Claim(s) 4 and 12  is/are rejected under 35 U.S.C. 103 as being unpatentable over Powers US 20240221216 A1 in view of  Fei et al US 20180285636 A1.

Re claim 4 Powers discloses all the elements of claim 1. Powers does not expressly disclose wherein the imaging module is further configured to capture additional image data related to a user's hand, and wherein the processor is configured to: analyze the additional image data, using a hand-tracking algorithm, to determine a position and/or an orientation of the user's hand, generating hand tracking data; and integrate the hand tracking data with the combined tracking data, for implementation in tracking of the object. Fei discloses wherein the imaging module is further configured to capture additional image data related to a user's hand, and wherein the processor is configured to: analyze the additional image data, using a hand-tracking algorithm, to determine a position and/or an orientation of the user's hand, generating hand tracking data (see abstract note a hand tracking camera module captures images to track the and hand and the system tracks the hand ); and integrate the hand tracking data with the combined tracking data, for implementation in tracking of the object (see paragraph 58 “Fusion algorithm can (1) determine 6DOF object pose (3D position+3D rotation) by fusing 3D position given by marker tracking with 3D rotation given by IMU data, and (2) fuse 6DOF controller pose with 6DOF hand pose to get more accurate 6DOF pose for both the controller and the hand.” Note that hand tracking data and controller tracking data are fused to get a more accurate pose). The motivation to combine is to get more accurate 6DOF pose for both the controller and the hand (see paragraph 58). Therefore, it would have been obvious to one of ordinary skill in the art before the effective filing date of the claimed invention to combine Powers and Fei to reach the aforementioned advantage. 

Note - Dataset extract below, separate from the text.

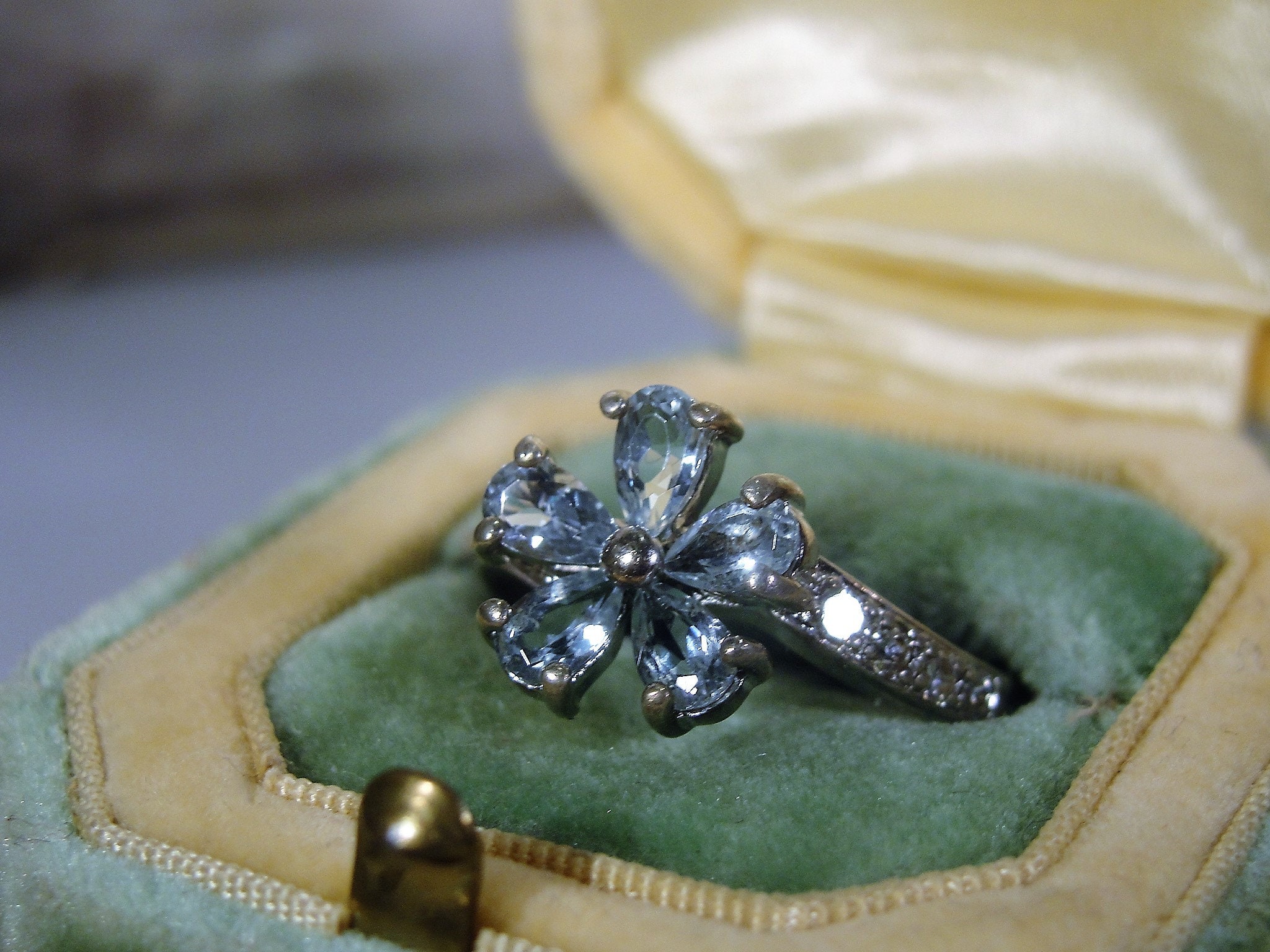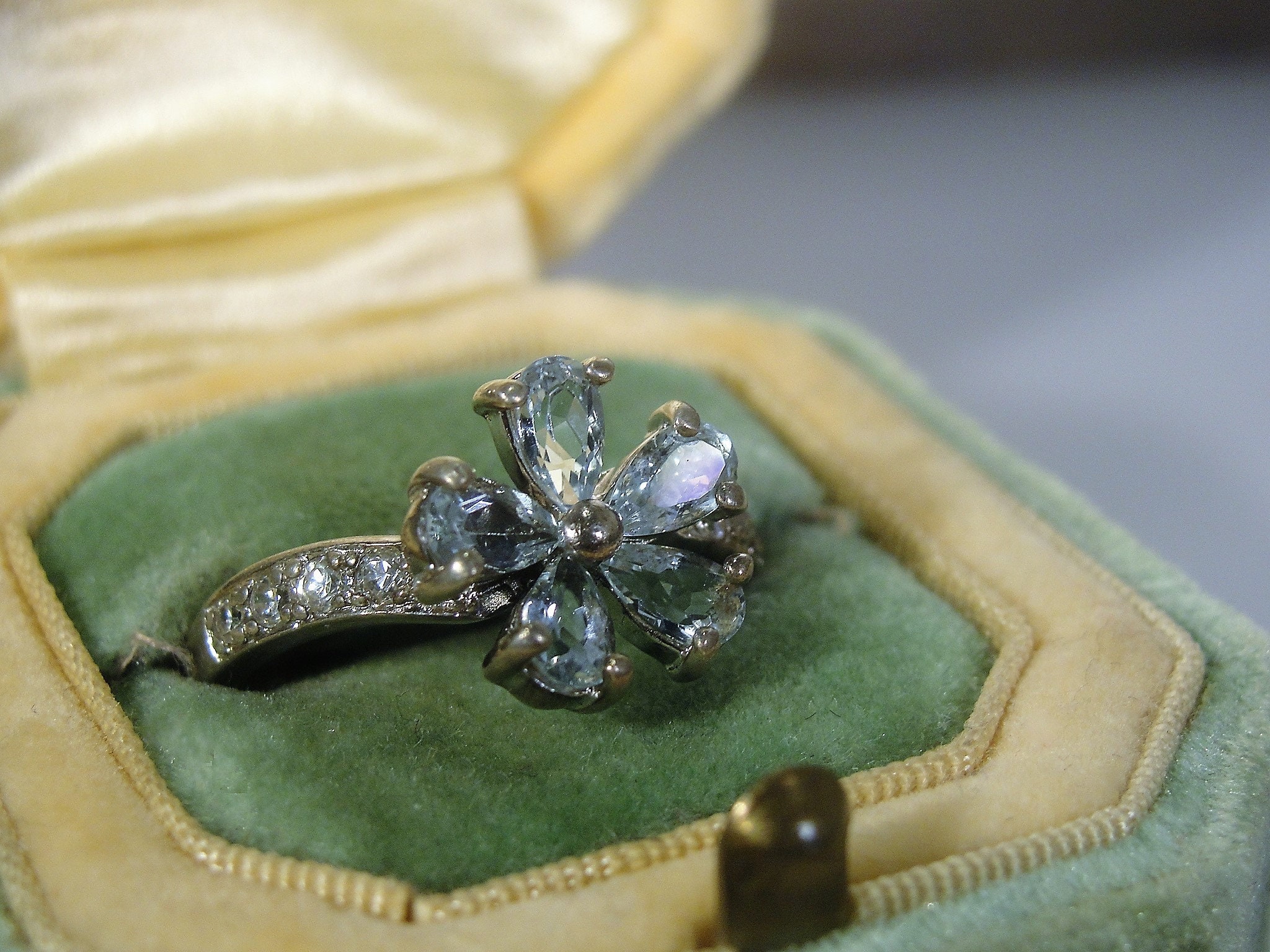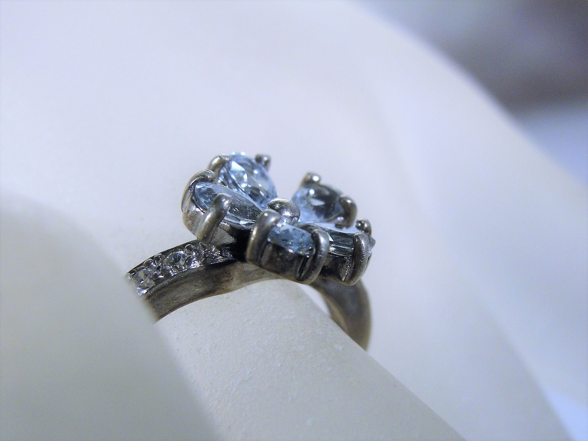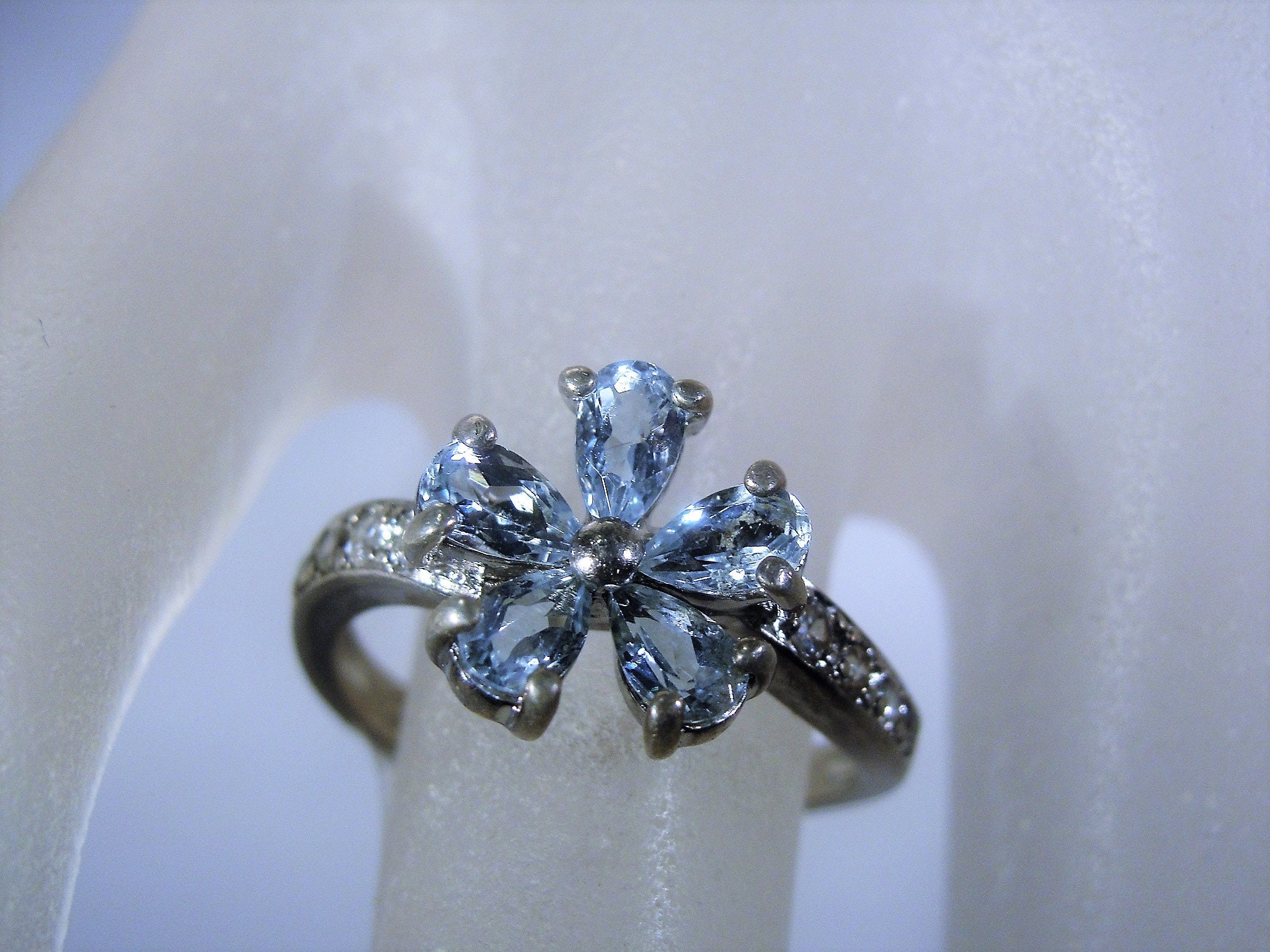• Gem Information: There are 5 genuine Pear Shaped Swiss Blue Topaz Gems prong set in a flower motif; there are 4 round CZ gems that run down each side of the band for a total of 8 CZ gems

Re claim 12 Powers discloses all the elements of claim 9. Powers does not expressly disclose capturing additional image data related to a user's hand; analyzing the additional image data, using a hand-tracking algorithm, to determine a position and/or an orientation of the user's hand, generating hand tracking data; and integrating the hand tracking data with the combined tracking data, for implementation in tracking of the object. Fei discloses capturing additional image data related to a user's hand; analyzing the additional image data, using a hand-tracking algorithm, to determine a position and/or an orientation of the user's hand, generating hand tracking data (see abstract note a hand tracking camera module captures images to track the and hand and the system tracks the hand); and integrating the hand tracking data with the combined tracking data, for implementation in tracking of the object. (see paragraph 58 “Fusion algorithm can (1) determine 6DOF object pose (3D position+3D rotation) by fusing 3D position given by marker tracking with 3D rotation given by IMU data, and (2) fuse 6DOF controller pose with 6DOF hand pose to get more accurate 6DOF pose for both the controller and the hand.” Note that hand tracking data and controller tracking data are fused to get a more accurate pose). The motivation to combine is to get more accurate 6DOF pose for both the controller and the hand (see paragraph 58). Therefore, it would have been obvious to one of ordinary skill in the art before the effective filing date of the claimed invention to combine Powers and Fei to reach the aforementioned advantage. 

Claim(s) 5, 6, 13 and 14 is/are rejected under 35 U.S.C. 103 as being unpatentable over Powers US 20240221216 A1 in view of Han et al US 20240104749 A1.

Re claim 5 Powers discloses all the features of claim 1. Powers does not expressly disclose wherein the processor is further configured to segment the image data to define region of interest containing the object in the environment, for analysis and feature extraction by the machine learning algorithm. Han discloses herein the processor is further configured to segment the image data to define region of interest containing the object in the environment, for analysis and feature extraction by the machine learning algorithm. (see paragraph 86 17 and 19 note that a neural network may include a region proposal network and a refinement model for object tracking) The motivation to combine is “a method of object tracking that reduces performance speed reduction and reduces computational burden” (see paragraph 12). Therefore, it would have been obvious to one of ordinary skill in the art before the effective filing date of the claimed invention to combine Powers and Han to reach the aforementioned advantage. 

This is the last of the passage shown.